As CSPs wind down 5G coverage rollouts in China, the U.S. and India in favor of densification, TIS operating margins are growing. Declining deployment activity, which tends to carry the lowest margins among TIS segments, in these markets — especially India — is the main driver of improving TIS operating margins. In 3Q24 deployment services constituted 18.2% of aggregate revenue, down 120 basis points year-to-year. Meanwhile, maintenance services, which tend to carry the highest margins among the TIS segments, grew to 34.2% of aggregate revenue, up 80 basis points year-to-year.
 
Benchmarked vendors’ aggregate TIS operating margin increased year-to-year for the fourth consecutive quarter, following six consecutive quarters of declines. Aggregate operating margin grew from 11.1% in 3Q23 to 12.4% in 3Q24. TBR expects aggregate TIS operating margin gains to continue into 2025 despite an anticipated rebound in TIS revenue in India (where margins are typically low) as new RAN agreements that Ericsson, Nokia and Samsung have with Vodafone Idea and Bharti Airtel come online, due to the relatively smaller scale of these contracts compared with initial coverage rollouts by Bharti Airtel and Reliance Jio.

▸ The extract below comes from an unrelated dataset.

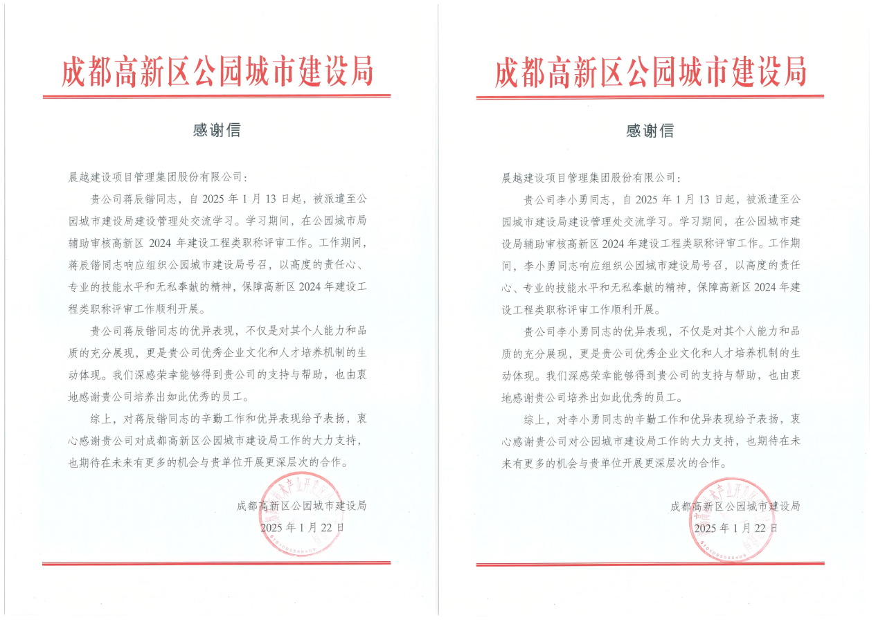 近日,晨越建管集團收到來自成都高新區(qū)公園城市建設(shè)局的《感謝信》,對集團員工李小勇和蔣辰鍇支持高新區(qū)2024年建設(shè)工程類職稱評審工作表示誠摯的感謝。

In addition, TBR believes the digital transformation market will recover as CSPs receive clarity on M&A, driving high-margin professional services revenue for several IT services vendors. Further, AT&T’s open RAN rollout will peak in 2025, though it will continue through at least 2026, and margins in the U.S. tend to be higher than in other countries.

TBR’s Telecom Infrastructure Services Benchmark

Telecom infrastructure services includes all external spend (capex and opex) on services by communication service providers (CSPs), including telcos, cablecos and hyperscalers, on or related to communications and IT infrastructure. For our Telecom Infrastructure Services Benchmark, TBR categorizes TIS revenue into four main segments: deployment services, professional services, maintenance services and managed services.
 
Vendor coverage for this research includes, but is not limited to, Amdocs, CGI, Ciena, Ericsson, Fujitsu, Infosys, Juniper, Nokia, Oracle, Samsung, Tech Mahindra and ZTE.